1 files changed, 146 insertions, 0 deletions
diff --git a/Documentation/device-mapper/dm-zoned.rst b/Documentation/device-mapper/dm-zoned.rst
new file mode 100644
index 000000000000..07f56ebc1730
--- /dev/null
+++ b/Documentation/device-mapper/dm-zoned.rst
@@ -0,0 +1,146 @@
+========
+dm-zoned
+========
+The dm-zoned device mapper target exposes a zoned block device (ZBC and
+ZAC compliant devices) as a regular block device without any write
+pattern constraints. In effect, it implements a drive-managed zoned
+block device which hides from the user (a file system or an application
+doing raw block device accesses) the sequential write constraints of
+host-managed zoned block devices and can mitigate the potential
+device-side performance degradation due to excessive random writes on
+host-aware zoned block devices.
+For a more detailed description of the zoned block device models and
+their constraints see (for SCSI devices):
+http://www.t10.org/drafts.htm#ZBC_Family
+and (for ATA devices):
+http://www.t13.org/Documents/UploadedDocuments/docs2015/di537r05-Zoned_Device_ATA_Command_Set_ZAC.pdf
+The dm-zoned implementation is simple and minimizes system overhead (CPU
+and memory usage as well as storage capacity loss). For a 10TB
+host-managed disk with 256 MB zones, dm-zoned memory usage per disk
+instance is at most 4.5 MB and as little as 5 zones will be used
+internally for storing metadata and performaing reclaim operations.

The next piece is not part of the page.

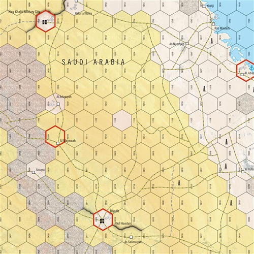 Saddam Moves South est un wargame à deux joueurs de niveau opérationnel couvrant une hypothétique invasion irakienne de l'Arabie Saoudite en 1990. L'hypothèse est qu'après que l'armée irakienne ait envahi le Koweït au cours de la première semaine d'août 1990, Saddam Hussein a poursuivi l'offensive pour s'emparer des champs pétrolifères vitaux de l'Arabie Saoudite. En réponse, les États-Unis prennent la tête d'une coalition d'États pour arrêter les Irakiens et reprendre les territoires perdus. Le système de jeu est basé sur celui de Desert One War, qui modélise les opérations terrestres, aériennes et amphibies. Pour la coalition, le système de jeu central est celui des points de transport aérien (ATP) qui représentent la capacité de transport aérien stratégique. Chaque hexagone de la carte représente 35 kilomètres d'un côté à l'autre. Chaque tour de jeu représente une période allant de trois jours de combat intense à dix jours de ravitaillement. Les unités terrestres représentent des régiments, des brigades, des divisions et des groupes d'irréguliers. Les forces d'opérations spéciales (SOF) représentent des activités de guerre non conventionnelle. Les unités aériennes représentent de un à quatre escadrons, en fonction de la qualité de la force aérienne et du rythme des opérations.

+dm-zoned target devices are formatted and checked using the dmzadm
+utility available at:
+https://github.com/hgst/dm-zoned-tools
+Algorithm
+=========
+dm-zoned implements an on-disk buffering scheme to handle non-sequential
+write accesses to the sequential zones of a zoned block device.
+Conventional zones are used for caching as well as for storing internal
+metadata.
+The zones of the device are separated into 2 types:
+1) Metadata zones: these are conventional zones used to store metadata.
+Metadata zones are not reported as useable capacity to the user.
+2) Data zones: all remaining zones, the vast majority of which will be
+sequential zones used exclusively to store user data. The conventional
+zones of the device may be used also for buffering user random writes.
+Data in these zones may be directly mapped to the conventional zone, but
+later moved to a sequential zone so that the conventional zone can be
+reused for buffering incoming random writes.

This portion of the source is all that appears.